Imed Charfeddine : « La Tunisie doit jouer la carte du véhicule électrique et de l’innovation »
Imed Charfeddine, vice-président de la TAA, a dressé un tableau des défis et opportunités du secteur automobile tunisien. Entre essor du véhicule électrique et attractivité croissante pour les investisseurs asiatiques et américains.
« L’industrie s’adapte au marché et à la consommation », a rappelé Imed Charfeddine en ouverture de son intervention, lors de l’événement « Le secteur automobile face aux transformations mondiales », organisé à Tunis le 13 mai 2025 par la Chambre tuniso-française de l’industrie et du commerce (CTFCI). Face à un marché européen en net recul — « le nombre de véhicules produits ces dernières années est tombé à 1,8 million, et on annonce déjà des chiffres en dessous du milliard d’euros » —, le responsable a souligné l’urgence d’une redéfinition stratégique.
Les marchés traditionnels s’essoufflent, poussant les industriels à explorer de nouveaux débouchés. « Nos clients changent, se tournent vers de nouveaux marchés », a-t-il prévenu, citant notamment l’essor des constructeurs asiatiques, en particulier chinois.
Un tissu industriel déjà solide, mais en mutation
La Tunisie peut compter sur un socle industriel conséquent : plus de 100 000 emplois dans le secteur automobile, en grande partie dans le câblage.

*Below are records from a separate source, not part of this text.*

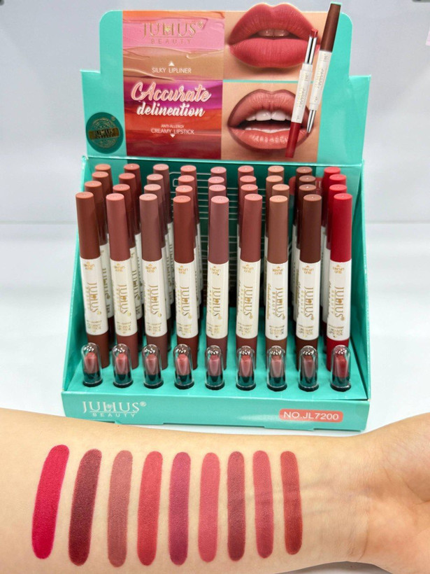 خط لب و رژ جامد دوطرفه ژولیوس بیوتی کد JL7200 در 9 طیف رنگی، با بافت نرم و مخملی مناسب برای انواع پوست لب با پیگمنت بالا و بدون پوسته شدن رولب با قابلیت یک سر خط لب و یک سر رژ جامد می باشد.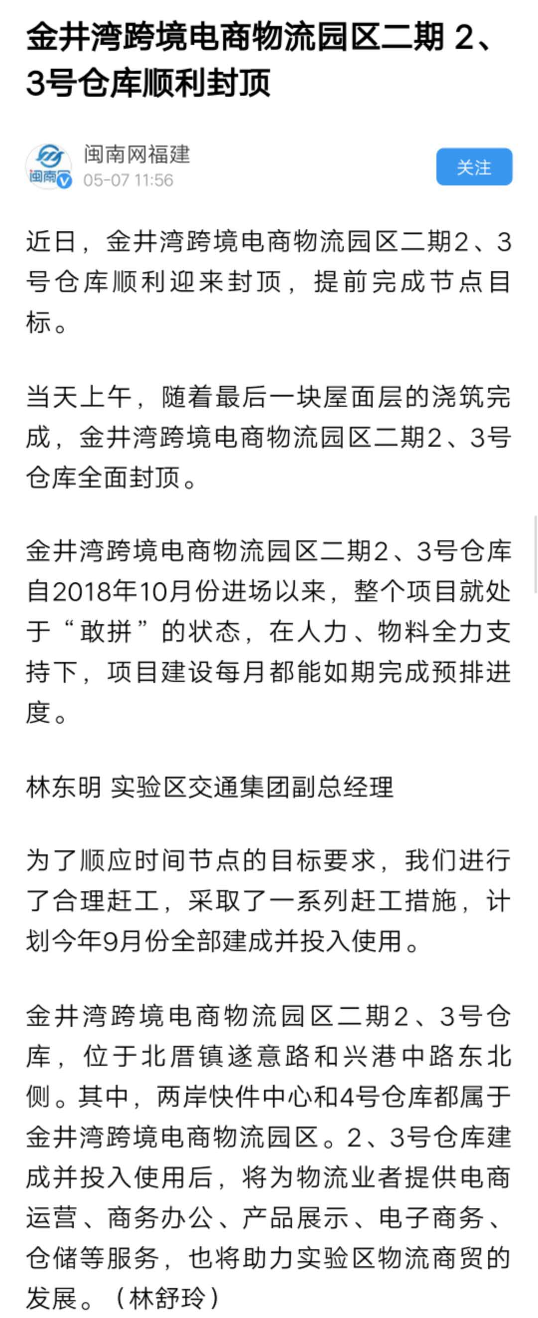 金井湾跨境电商物流园区二期2、3号仓库顺利封顶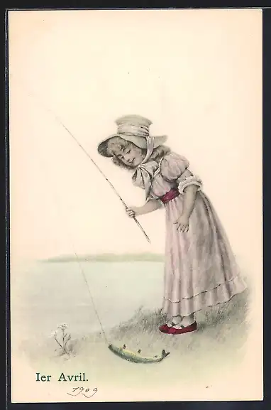 AK 1. April, Mädchen angelt einen Fisch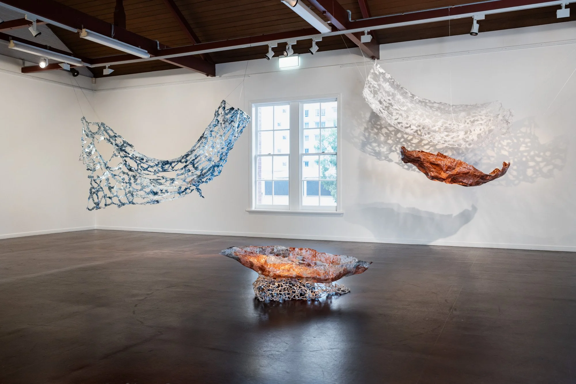 The fibrous landscape of currents, flows and boats reimagines my 旅路 (tabi-ji) — a journey of identity, relationships, and place that continues to shift through living across countries. Each element is made from garments that carried memories of home, such as a grey dress once worn by my grandmother, which I brought with me to Australia. I wore it as pyjamas during eczema flare-ups; its softness resting gently against inflamed skin. The tactile memory lives deeply within my body — the touch of the fabric returning me to a visceral sense of home. In making this work, I deconstructed these garments, beating and tearing them into fibrous pulp, which I reshaped into waterways and boats. The fibrous bodies of the boats symbolise quiet resilience within constant currents. Through materially broken down and reformed, memory continues to echo and move forward. In dialogue with Tamas-Cao’s stylistic language, the work activates a material conversation between our practices. Together, 旅路 reflects migratory identity — constantly breaking and becoming — like paper boats drifting through a sea of pulp, where cultures, memories, and ways of living dissolve and reform.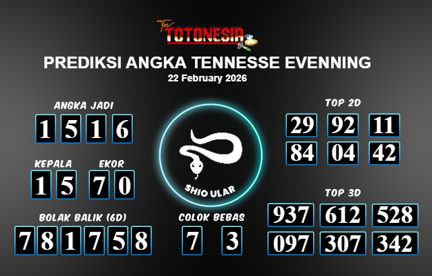 Toto Nesia : Bocoran Prediksi Togel TENNESSE EVENNING Tanggal 22 FEBUARI 2026

Toutefois, ce modèle est en pleine mutation. « On voit émerger des technologies électroniques, l’informatique embarquée, la connectivité. Et nous accompagnons cette transformation », a indiqué M. Charfeddine.
L’industrie locale se tourne vers des compétences plus pointues, intégrant le software, la maintenance prédictive et les bancs de tests électroniques. Il reconnaît toutefois des perturbations récentes dans certains pôles industriels, laissant entendre que des troubles ont freiné certaines dynamiques.
Vers une industrie 4.0 et des alliances stratégiques
Pour le vice-président de la TAA, l’avenir passe par l’innovation. Il appelle les pouvoirs publics à « inciter les entreprises à se transformer vers l’industrie 4.0 ». Et ce, tout en évoquant la nécessité d’un projet universitaire dédié à la montée en compétences : « Il faut former les talents qui accompagneront les nouvelles technologies et les besoins des consommateurs en connectivité et mobilité ».
Par ailleurs, la Tunisie peut tirer parti de ses accords commerciaux avec l’Europe et l’Afrique : « Ce sont des avantages à exploiter pour accompagner le développement du secteur automobile vers de nouveaux marchés ».
Attractivité croissante pour les investisseurs étrangers
Les évolutions du marché mondial ouvrent aussi des perspectives pour la Tunisie en tant que base industrielle stratégique. Face à la nécessité de raccourcir les chaînes d’approvisionnement, les géants asiatiques et américains montrent un intérêt accru pour le pays. Ainsi, « depuis vingt ans, les acteurs asiatiques rachètent des entreprises européennes. Aujourd’hui, ils viennent en Tunisie pour prospecter et envisager l’installation de nouvelles usines », poursuit-il.
M. Charfeddine cite également l’intérêt des acteurs américains et japonais, notamment dans la fabrication de composants pour véhicules électriques. « Le véhicule électrique est plus accessible à produire et à intégrer. C’est une carte que nous devons jouer », a-t-il insisté.
Compétences locales et enjeux de souveraineté technologique
L’écosystème tunisien est en mesure de répondre à ces nouveaux défis : « Plus de 8 000 ingénieurs sont formés chaque année. Nos centres universitaires, professionnels et de recherche ont permis l’émergence d’une filière de compétences remarquable ».
Des entreprises comme Leoni ou Coficab ont investi dans des centres de développement en Tunisie, certains employant plus de 1 000 ingénieurs. « Le coût des ingénieurs en Tunisie reste compétitif, avec une excellente adaptabilité aux technologies émergentes ». La proximité géographique avec l’Europe, l’usage croissant des outils numériques et l’absence de décalage horaire renforcent encore l’attractivité du pays.
Le logiciel, nouveau cœur de la voiture connectée
« La voiture de demain sera un concentré de software », a souligné Imed Charfeddine, évoquant le rôle croissant des fabricants de téléphones dans l’automobile. « Regardez les véhicules conçus par ces entreprises : ils sont vendus dans les mêmes magasins que les smartphones et misent sur l’ergonomie. »
Dans un monde où la voiture devient un terminal mobile, la Tunisie a une carte à jouer : celle de la compétence numérique appliquée à l’automobile.